Jetzt, wo die Wahl vorbei ist, kann ich’s ja sagen. Ich hab mich mit meiner Erststimme gar nicht leicht getan. Zweitstimme grün, das war von vorneherein klar, schließlich bin ich Mitglied dieser Partei und habe mich aktiv am Wahlkampf beteiligt. Aber was mache ich mit meiner Erststimme? Zur Aus-Wahl standen neben Indiskutablem wie den KandidatInnen von NPD, FDP und CDU in Freiburg drei Menschen: der bekennende und bekannte Linke Michel Moos – unsere Kandidatin, Kerstin Andreae – und Gernot Erler von der SPD. Mit Listenplatz 3 gut abgesichert, hat Kerstin frühzeitig dazu aufgerufen, taktisch zu wählen: wir wählen Gernot Erler mit (und verhindern so ein CDU-Überhangmandat), und dafür macht vielleicht die eine SPDlerin oder der andere SPDler sein zweites Kreuz bei uns. Nur: macht es, das drohende Ende von rot-grün vor Augen, Sinn, Gernot Erler von der SPD zu wählen? Wäre es nicht vielleicht ein gutes Zeichen für die innerparteilichen Auseinandersetzungen um den zukünftigen Kurs der Partei, wenn ein integrer Linker wie Moos ein achtbares Erststimmenergebnis in Freiburg einfährt? Oder doch lieber wie bisher grün pur wählen – schließlich sind wir die grüne Hochburg, da wäre ein Direktmandat doch auch mal was schönes?

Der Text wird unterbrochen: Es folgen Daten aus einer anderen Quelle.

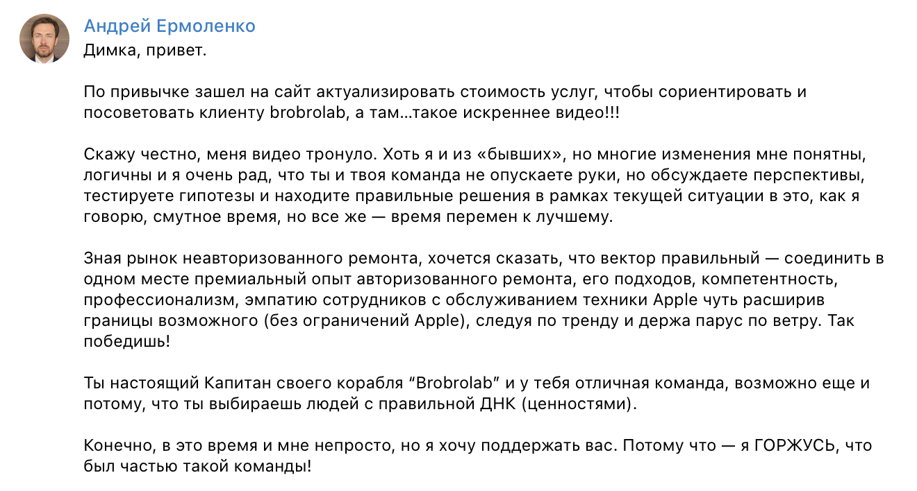 Неожиданный эффект запущенной кампании — слова благодарности и поддержки. За последнюю неделю получил не меньше 5 сообщений, которые читаешь и вдохновляешься, а энергии прибавляется. Одно из таких от Андрея Ермоленко, прикладываю в конце.

Ich habe dann letztlich den Herrn Erler gewählt, trotz Großekoalitionsgefahr und allgemeiner Abneigung gegen vieles in der SPD (und Ärger darüber, dass es der SPD niemals einfallen würde, sich dazu herabzulassen, den eigenen Leuten gut zuzureden, was grüne Zweitstimmen angeht). An dieser Entscheidung ist nebenstehendes Flugblatt schuld, das am Samstag in unserem Briefkasten lag: Wer noch kurz vor der Wahl pseudoauthentische Briefe ohne Sinn und Verstand verteilen lässt (und so in letzter Minute um jede Stimme buhlt, sei das Argument noch so sehr an den Haaren herbeigezogen) und noch dazu an jedem Laternenmast zwischen Freiburg und Günterstal das eigene Porträt aufhängen lässt, darf einfach nicht mit Erfolg belohnt werden. Und wenn dazu grüne Stimmen gegen die CDU notwendig sind, dann muss halt diesmal rot-grün gewählt werden.
Was ich dann gemacht habe und was funktioniert hat. Und jetzt bin ich gespannt: denn auf unserer Wahlparty hat der Herr Erler nicht nur der Kerstin für die grüne Unterstützung gedankt, sondern auch verkündet, dass er keinstenfalls für eine große Koalition stimmen werde. Ob er dazu steht?